C’est cela la matrice artificielle : une caverne d’Ali Baba qui ne contient en réalité qu’un seul trésor utile, la candeur originelle qui seule permet de percevoir le Réel. J’ai passé deux heures à Lausanne, à tenter d’expliquer comment nous devons accepter que Dieu est le Réel, que contempler ce qui est naturel est nécessairement vrai, bien et bon. J’ai essayé de montrer comment la matrice artificielle veut nous faire croire que nous, les hommes, savons mieux que la nature ce qu’elle devrait faire, ce que la vie devrait être. Mais qu’il est difficile de sortir de la caverne, de renoncer à ses trésors pour se trouver nu face au Réel !

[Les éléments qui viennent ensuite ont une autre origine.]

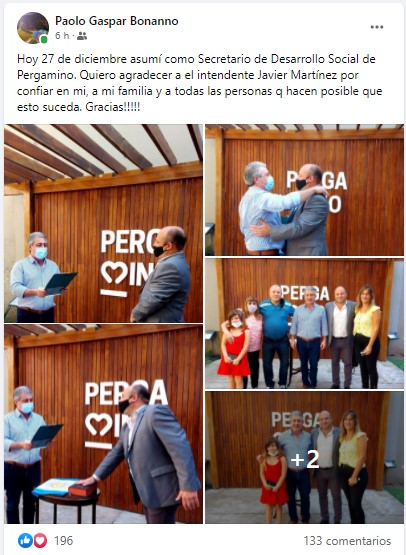 «Hoy 27 de diciembre asumí como Secretario de Desarrollo Social de Pergamino. Quiero agradecer a el intendente Javier Martínez por confiar en mi, a mi familia y a todas las personas q hacen posible que esto suceda. Gracias», compartió en las redes sociales Paolo Gaspar Bonanno.

Là, plus rien d’artificiel, plus de savoir mort, plus de certitudes accumulées. La Candeur seule nous permet d’entrer en dialogue avec Dieu à travers sa Création. C’est un état d’être que je vous décris ici, pas une idée.
Je sais que deux heures de conférence dans un hôtel à Lausanne ne sont pas suffisantes (loin s’en faut) pour atteindre un état d’être. Je voulais profiter de vous écrire pour vous dire à quel point seuls des états intérieurs nous permettront de sortir du monde faux. Aucune réunion, aucun débat, aucune explication ne peut faire le travail, libérer nos perceptions pour sortir de la caverne.
Les Esséniens enseignent la voie du tapis volant, cet espace sacré sur lequel l’homme s'entraîne à s’approcher du Réel, le Divin, l’Eternel. Cette pratique peut nous porter hors de danger, dans la pleine lumière du jour.